Brands that engage fans can worry less about changes to Facebook’s EdgeRank algorithm

Keep Calm and Like Me

(c) Can Stock Photo
Something of an uproar has picked up steam as Facebook brand page administrators noticed a decline in the reach of their posts. According to one source, pages have lost 6.5 percent of their reach since Facebook implemented a change to its EdgeRank algorithm, which determines the updates that will appear in the newsfeeds of people who have liked a page. EdgeRank Checker was seeing reach of 26 percent before the change and 19.5 percent after. The post also reveals a drop in viral reach per fan and engagement per fan.

Other commentators, like Jeff Doak, peg the reach decline at between 24 and 63 percent and averaging at about 45 percent. One brand page to which Doak has access lost its reach to 100,000 fans, he claims.

In a response to the outcry, a Facebook representative emphasized that “the more engaging your content, the lower the impact this optimization should have on your reach going forward.” The spokesperson asserted that the change wasn’t designed to hurt brand pages but to make sure users got the most engaging content in their newsfeeds, which are now optimized “to show users the posts they are most likely to engage with.”

Brands are caught between the proverbial rock and hard place. They don’t pay Facebook to maintain their pages and have little right to complain when the social network makes adjustments, whether those adjustments are designed to bolster company profits or improve the experience for its (recently announced) 1 billion users. On the other hand, a recent study found that half of consumers prefer to engage with a brand on its Facebook page than on its website, rendering the option of abandoning Facebook mostly unreasonable.

Still, rather than complain about lost reach, brands should redouble their efforts to create engaging content. Sadly, despite thousands of posts, articles, books, conference presentations, Slideshare decks and other content that reinforces the idea, most brands continue to focus on piling up the number of likes. That is a zero sum game.
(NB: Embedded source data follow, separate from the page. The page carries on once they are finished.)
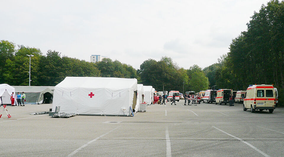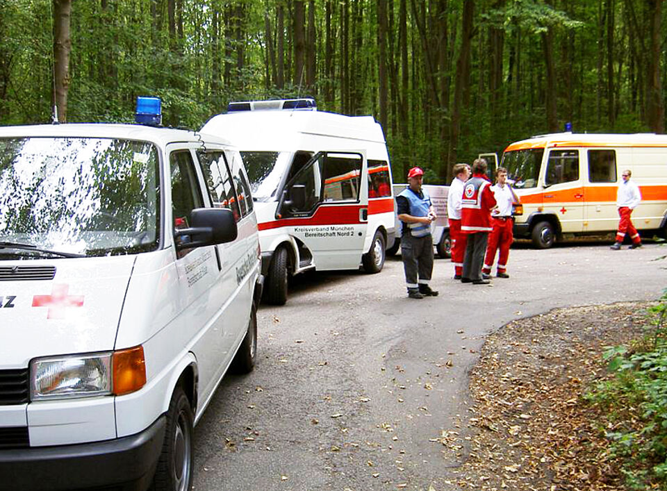 Das Ergebnis: Das Sammeln und die Anfahrt der überörtlichen Helfer braucht seine Zeit, der Behandlungsplatz ist dann jedoch in weniger als einer halben Stunde einsatzklar. Die Münchner Helfer der Bereitschaften Haar, Nord2, Ober- und Unterschleißheim bauten ein Sichtungszelt am Eingang des Behandlungsplatzes auf dem Parkplatz Schloß Grünau auf. Darin werden im Einsatzfall die Patienten kurz untersucht und je nach Schweregrad ihrer Verletzung in den jeweiligen Behandlungsbereich gebracht. Für die Übung gab es jedoch keine Verletztendarsteller, da nur die Alarmierung, die Abläufe und die Aufbauzeit überprüft werden sollten.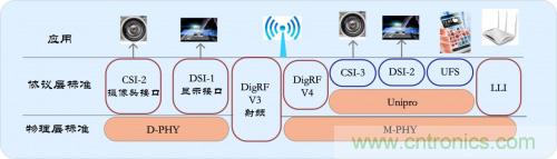 下圖2所示MIPI結構分為物理層、協議層和應用層。目前比較成熟的MIPI應用有攝像頭CSI接口、顯示屏DSI接口和基帶和射頻間DigRF接口,而其他例如UFS、LLI等規範正在逐步製定和完善過程中。
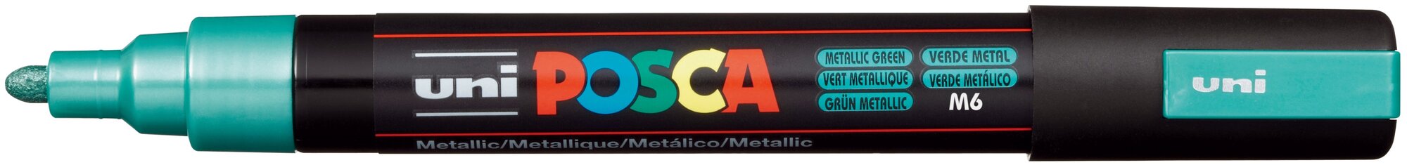Фломастер UNI POSCA PC-5M, зеленый металлик, 1.8 - 2.5 мм, овальный наконечник информация: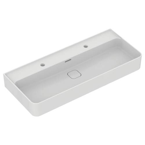 IDE Strada wastafel 1000mm met 2 kraangaten en overloop wit geslepen o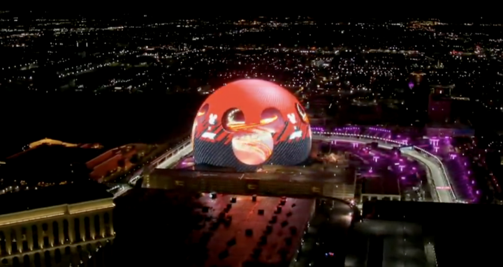 - Additionally, the Sphere also lit up with motifs of Mickey Mouse, lighting up the Vegas sky with some extra Disney magic.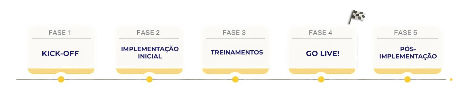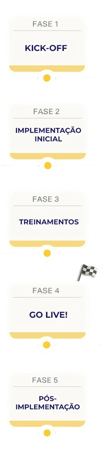 FASE 4 - GO LIVE: Período que o sistema é colocado no ar para uso por todos os usuários, nesse período a atenção da nossa equipe é redobrada.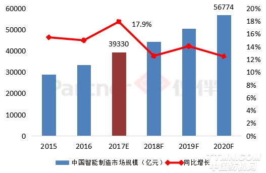 伙伴產(chǎn)業(yè)研究院( PAISI )根據(jù)最新統(tǒng)計數(shù)據(jù)預計,2017 年中國智能制造產(chǎn)業(yè)市場規(guī)模將達到 39330 億元,同比增長17.9%,在全球智能制造總產(chǎn)值中所占的比例為 45% 。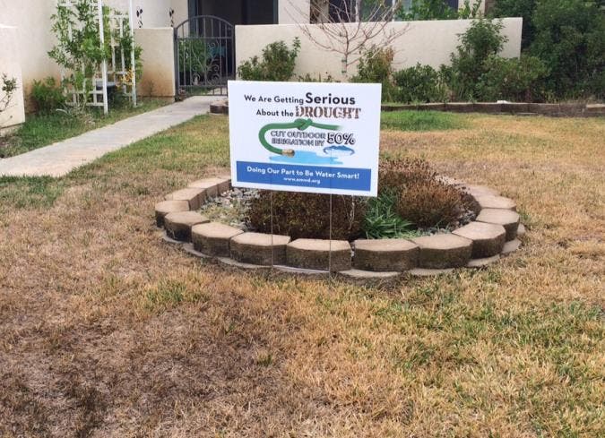 The Perris-based Eastern Municipal Water District began distributing “We Are Serious About the Drought” signs this week. The signs are free.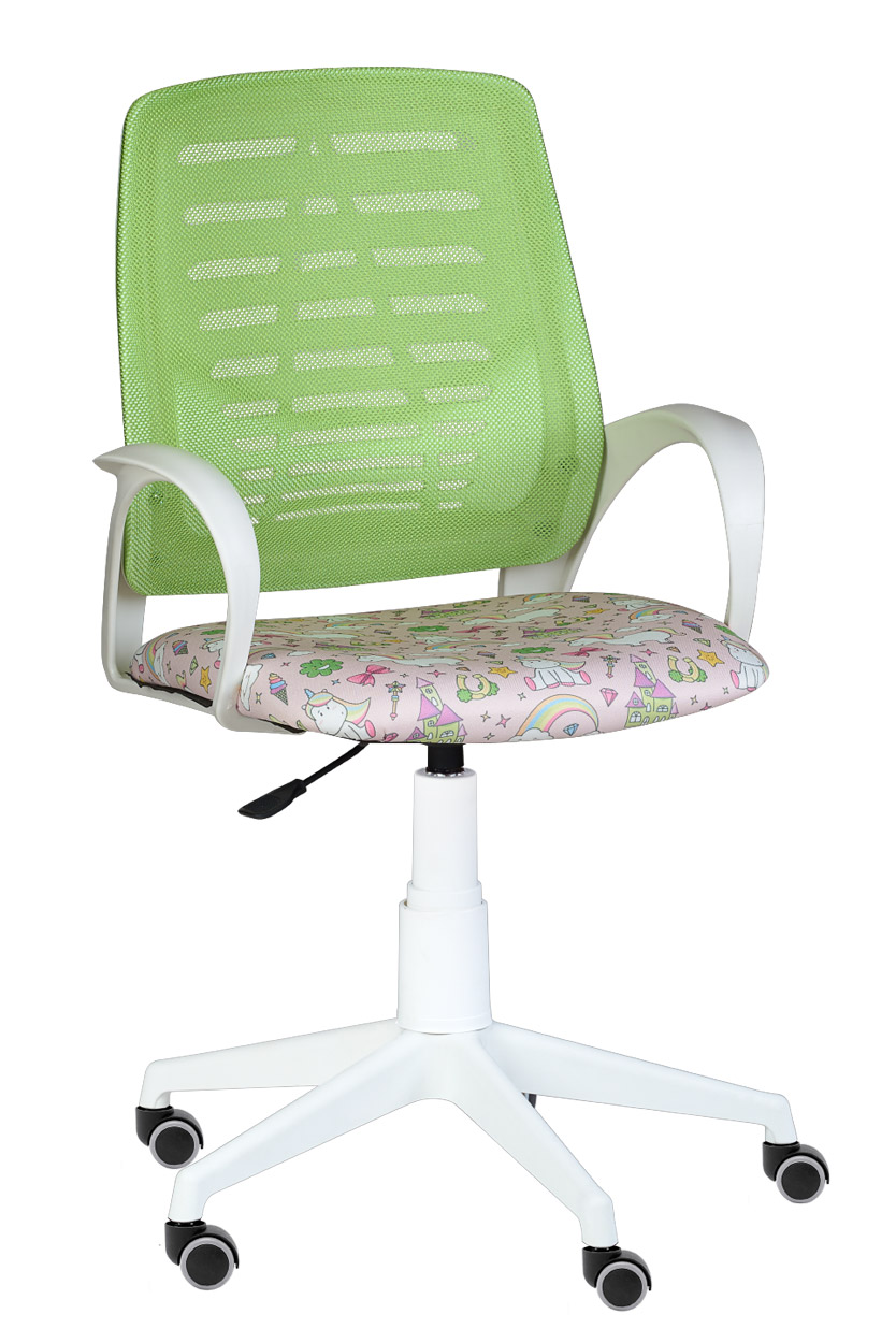 Кресло на колесах Ирис белый каркас, обивка сидушка - ткань саржа единороги, спинка салат,  подлокотники пластик, крестовина пластик, без качания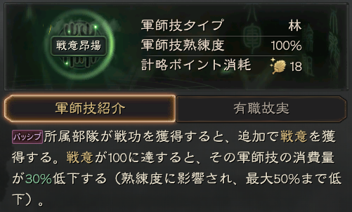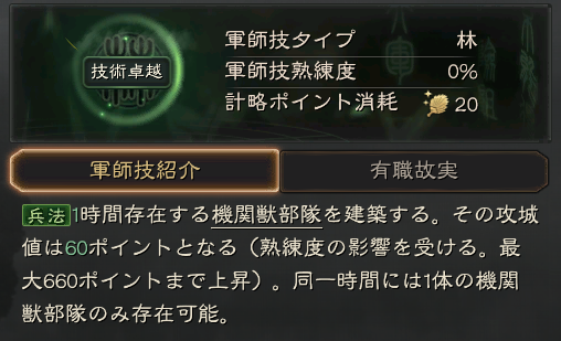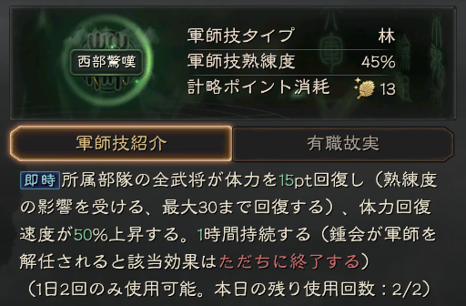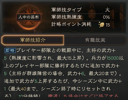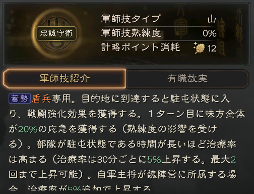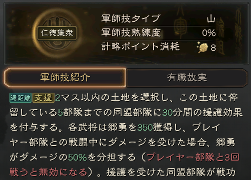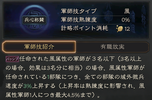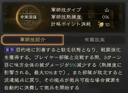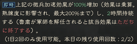 動員:所属部隊の攻城に必要な時間を15秒短縮する(熟練度の影響を受け、最大30秒まで短縮可能)。30分間持続する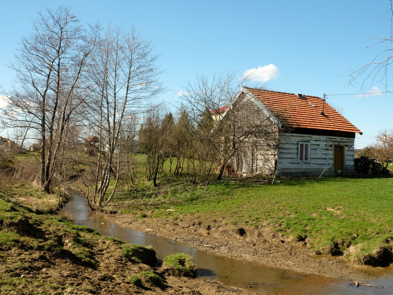 W taki sposób idę w stronę Odrzechowej wchodzac do tej wioski przy starym mostku.

Consider food-and-beverage rivals Coca-Cola and Pepsi. Coca-Cola made headlines not too long ago when its brand page surpassed 50 million likes, more than any other page on Facebook; the company acquires a new fan every second. Pepsi lags considerably behind with a mere 9 million. Yet which brand is getting more value from its Facebook efforts? Consider these statistics:

  • Pepsi’s fans are active 42 percent longer than Coke’s, whose fans are active for 51 days compared to Pepsi fans’ 73 days.
  • Twice as many Pepsi fans engage more than once as Coke’s fans, with 46 percent of Pepsi’s fans engaging multiple times vs. Coke’s performance at 25 percent.
  • 14 percent of Pepsi’s engagement comes from comments; for Coke, the number is only 10 percent.
  • People who have liked the Pepsi page are 40 percent more active than Coca-Cola’s. 0.8 percent of Coke’s fans have actually engaged on the page—sharing, commenting, etc. The number for Pepsi: 5.3 percent.
  • On Coke’s brand page, people reference “Pepsi” 57 percent more than they reference “happiness,” part of Coca-Cola’s branding message.
  • More than half of Pepsi’s fans use their mobile devices to engage with the brand, almost 50 percent more than those using mobile to engage with Coca-Cola.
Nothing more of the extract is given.